Айрис одним махом выпалила так много, что у Антонии самой чуть не перехватило дыхание. Казалось, Айрис чем-то необычайно взволнована. Вряд ли брак с уравновешенным стариной Саймоном мог на нее так подействовать.
— Я постараюсь, — пообещала Антония.
Хорошо, что в полупустом доме появятся новые люди и заполнят его своими голосами. Заодно выяснится, слышат ли другие непонятные звуки и увидят ли они здесь что-нибудь необычное.
— Я знала, что на тебя можно положиться, — благодарно сказала Айрис взволнованным голосом. — Как хорошо, что ты здесь! Но ты правда уверена, что после падения с тобой все в порядке? Еще эта шишка на голове…
— Моя голова в полном порядке.
— Слава богу. Я все-гаки очень прошу тебя, будь поосторожнее. И, пожалуйста, обещай мне до нашего возвращения оставаться у Конроев. Вот еще Саймон хочет тебе что-то сказать. В следующую секунду она услышала в трубке спокойный голос Саймона:
— Алло, Антония. Мне очень жаль, что ты упала. Как там птички?
— Отлично, Саймон.
— А Джонни?
— О! Он приготовил тебе сюрприз. Выучил новое слово.

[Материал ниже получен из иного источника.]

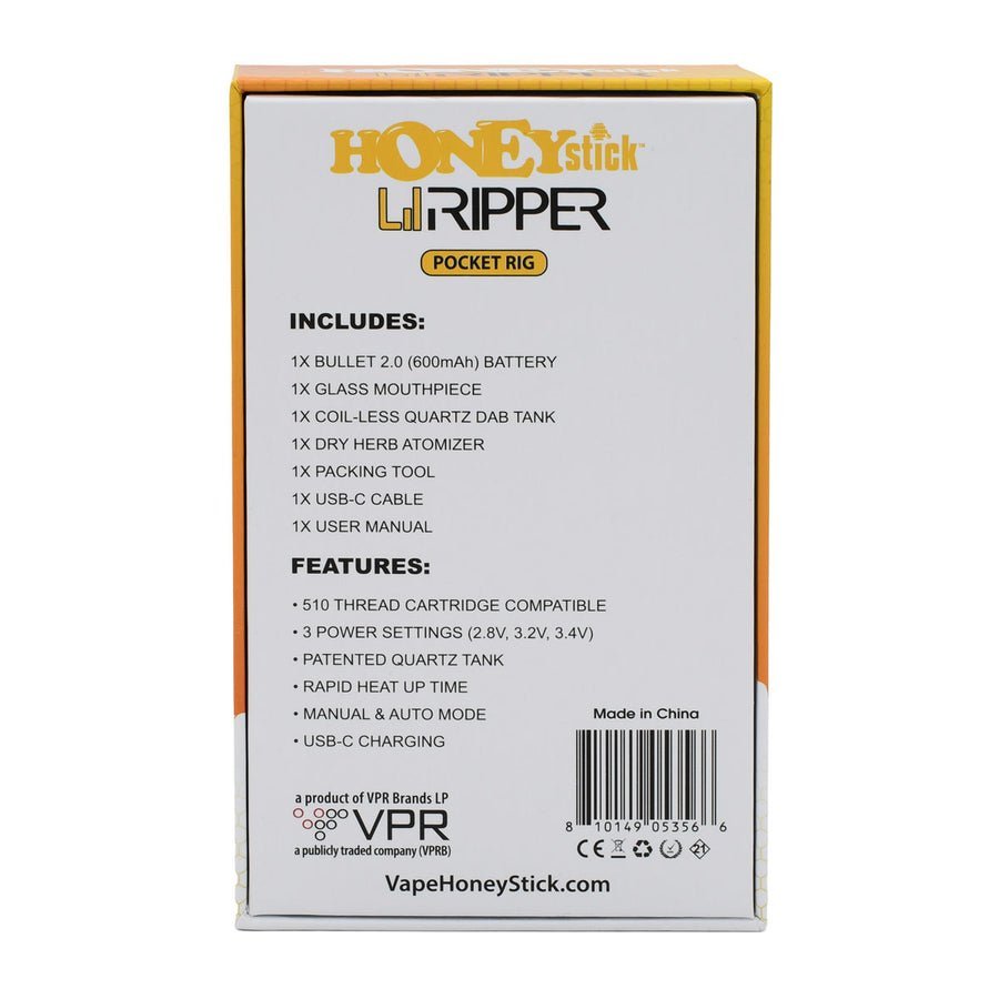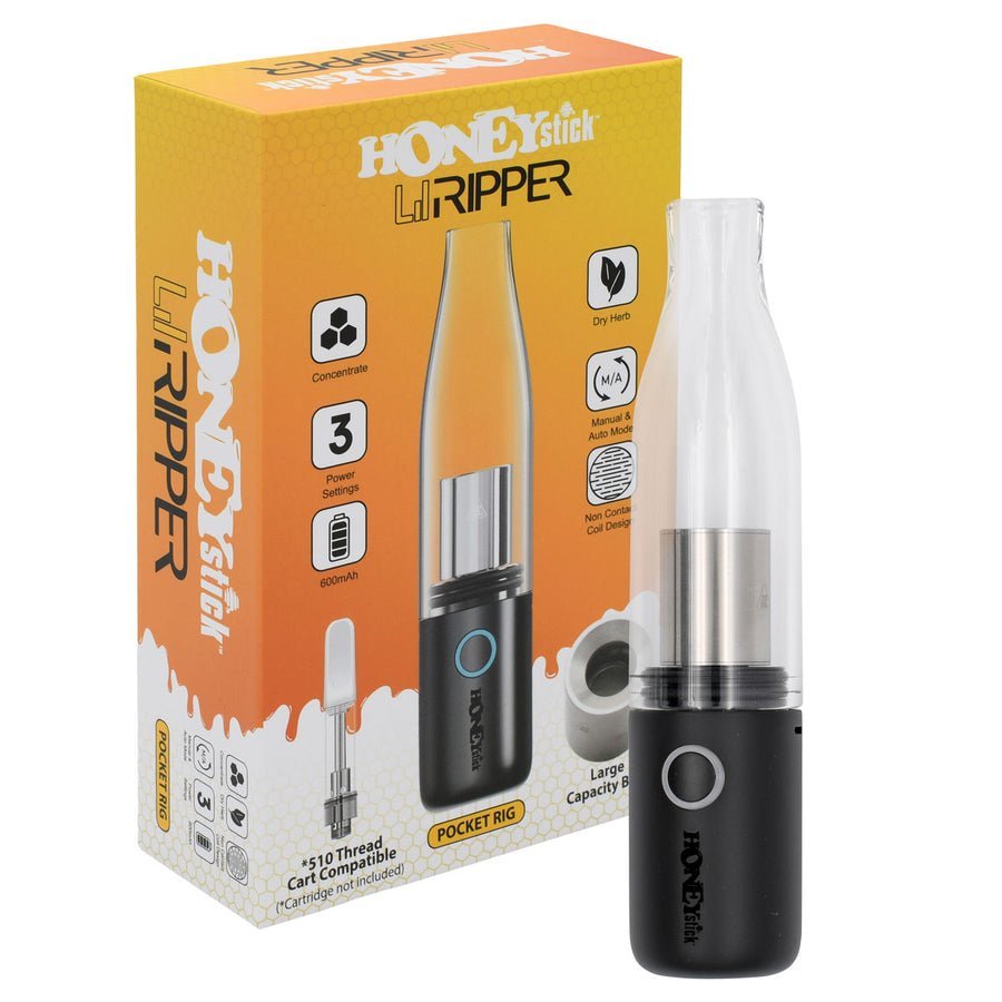 Meet the HoneyStick Lil Ripper E-Rig, a cutting-edge portable electric rig vaporizer designed for both wax and dry herb enthusiasts. Combining convenience, power, and style, this pocket-sized powerhouse offers an effortless vaping experience with its coilless quartz wax atomizer and non-contact coil dry herb chamber. Whether you’re into dabs or flower, the Lil Ripper ensures smooth, flavorful hits every time.

— Не может быть! — изумился Саймон. — Какое?
— Поторапливайся.
— Да что ты! Ну и шельмец! Вот это да! — Саймон довольно хихикнул. — За моей-то спиной! Надо же, Айрис, Джонни научился говорить «поторапливайся». Извини, Антония, я рассказывал Айрис. Она говорит, что нам тоже надо последовать совету Джонни.
— Ты счастлив, Саймон? — весело спросила Антония.
— Еще бы! Я даже поверить не могу! — Казалось, кузен был смущен. — В самом деле, мне просто не верится.
Как странно, думала Антония, повесив трубку. Счастье Саймона кажется каким-то ненастоящим. Он ослеплен, поражен и как будто даже сбит с толку. Конечно, Айрис со своим изощренным умом всегда будет его превосходить и приводить в недоумение. Пожалуй, с такой женой ему будет непросто. Вот он уже и прибегает за успокоением к своим птичкам.